**BRIEF**
A verbatim copy is needed of the lines below from the one containing "Top de punto" up to and including the one containing "This embroidered dad", excluding pictures.

**AVAILABLE DATA**
=-=-=
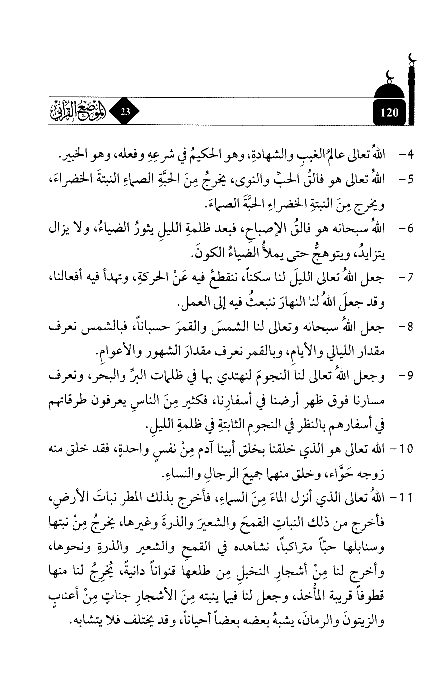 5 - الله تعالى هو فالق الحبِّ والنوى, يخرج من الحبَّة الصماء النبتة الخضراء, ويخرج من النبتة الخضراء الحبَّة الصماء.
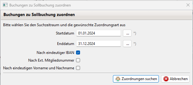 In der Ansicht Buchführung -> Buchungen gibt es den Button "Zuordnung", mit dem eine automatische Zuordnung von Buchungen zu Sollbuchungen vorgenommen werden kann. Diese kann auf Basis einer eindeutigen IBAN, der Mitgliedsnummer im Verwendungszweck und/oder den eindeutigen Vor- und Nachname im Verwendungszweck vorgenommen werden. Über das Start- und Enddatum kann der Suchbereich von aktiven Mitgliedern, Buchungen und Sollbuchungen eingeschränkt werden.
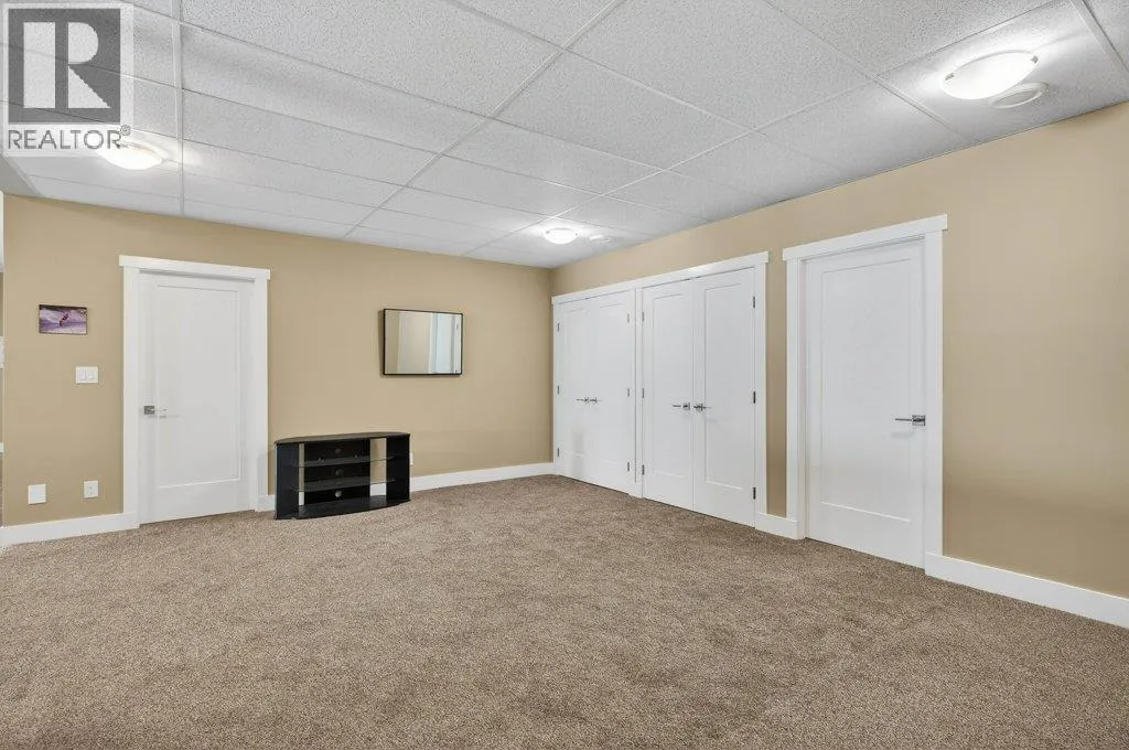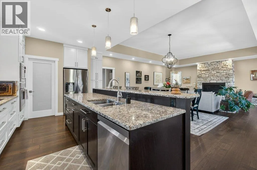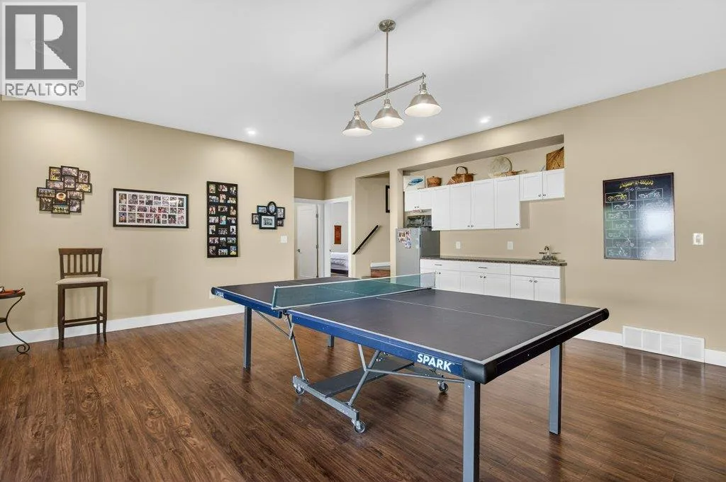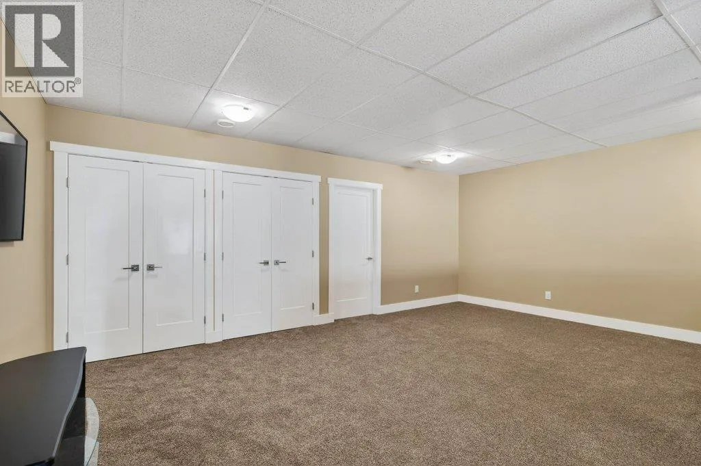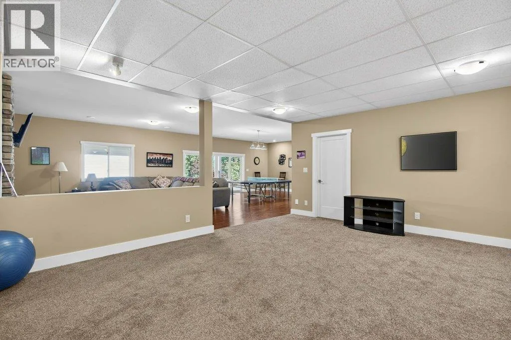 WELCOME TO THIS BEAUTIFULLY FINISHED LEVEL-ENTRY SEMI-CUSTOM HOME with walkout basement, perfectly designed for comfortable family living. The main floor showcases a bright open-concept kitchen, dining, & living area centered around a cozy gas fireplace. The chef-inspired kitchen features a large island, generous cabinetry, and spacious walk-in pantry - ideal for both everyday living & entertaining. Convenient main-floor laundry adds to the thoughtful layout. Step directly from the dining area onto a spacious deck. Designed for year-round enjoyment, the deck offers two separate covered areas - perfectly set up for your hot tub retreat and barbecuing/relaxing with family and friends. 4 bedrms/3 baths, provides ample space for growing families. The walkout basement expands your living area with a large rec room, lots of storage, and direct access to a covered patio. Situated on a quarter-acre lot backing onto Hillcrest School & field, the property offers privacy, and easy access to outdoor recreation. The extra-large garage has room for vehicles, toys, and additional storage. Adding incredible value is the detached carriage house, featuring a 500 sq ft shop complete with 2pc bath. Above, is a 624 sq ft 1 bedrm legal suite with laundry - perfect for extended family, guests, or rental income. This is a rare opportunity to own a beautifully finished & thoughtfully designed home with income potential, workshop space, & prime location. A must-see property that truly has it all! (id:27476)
=-=-=
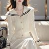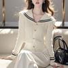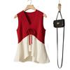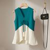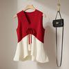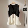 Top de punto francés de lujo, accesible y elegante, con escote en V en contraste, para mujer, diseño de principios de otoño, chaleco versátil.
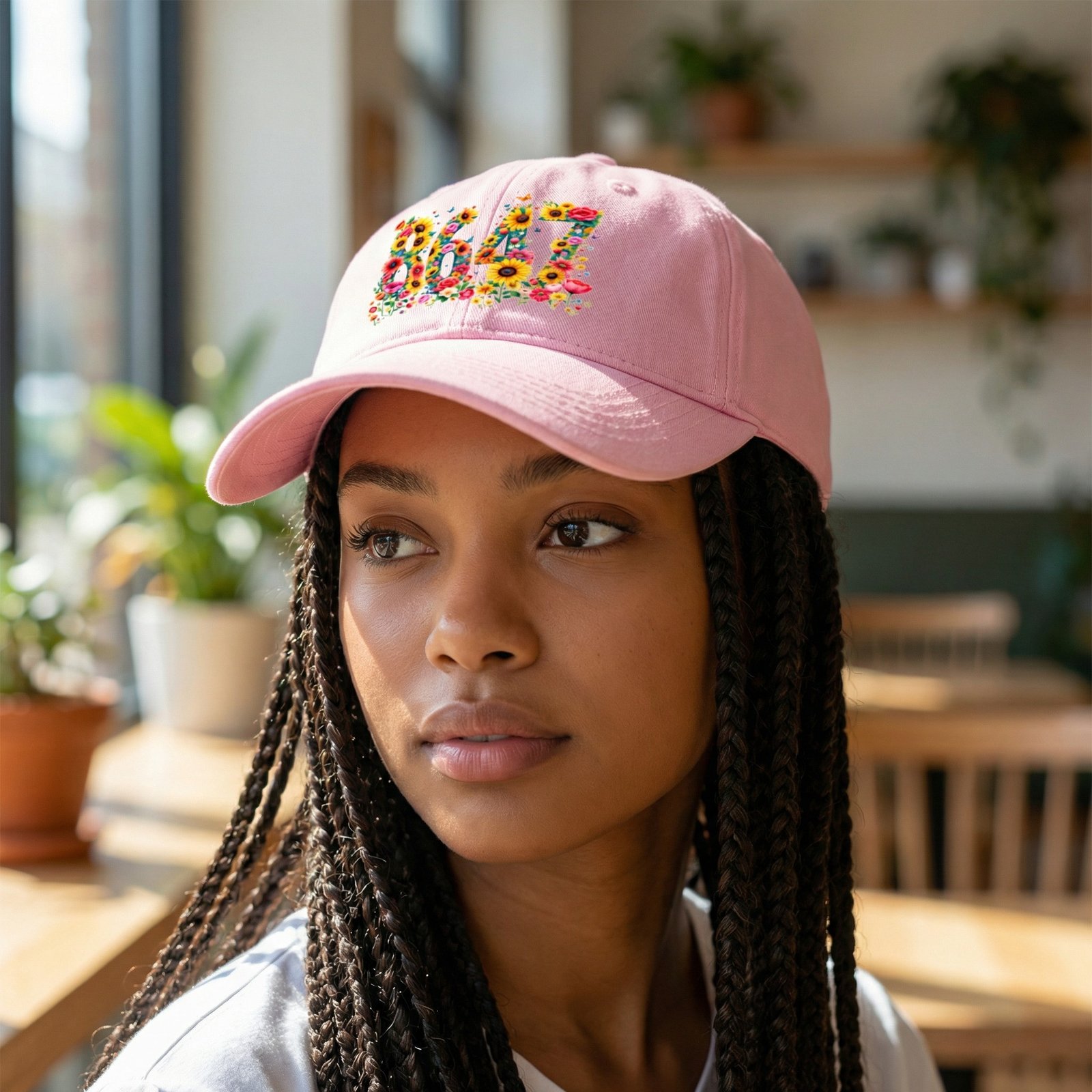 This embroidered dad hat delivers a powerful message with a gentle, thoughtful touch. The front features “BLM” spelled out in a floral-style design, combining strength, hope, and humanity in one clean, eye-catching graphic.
=-=-=
**SOLUTION TO THIS TASK**
 Top de punto francés de lujo, accesible y elegante, con escote en V en contraste, para mujer, diseño de principios de otoño, chaleco versátil.
 This embroidered dad hat delivers a powerful message with a gentle, thoughtful touch. The front features “BLM” spelled out in a floral-style design, combining strength, hope, and humanity in one clean, eye-catching graphic.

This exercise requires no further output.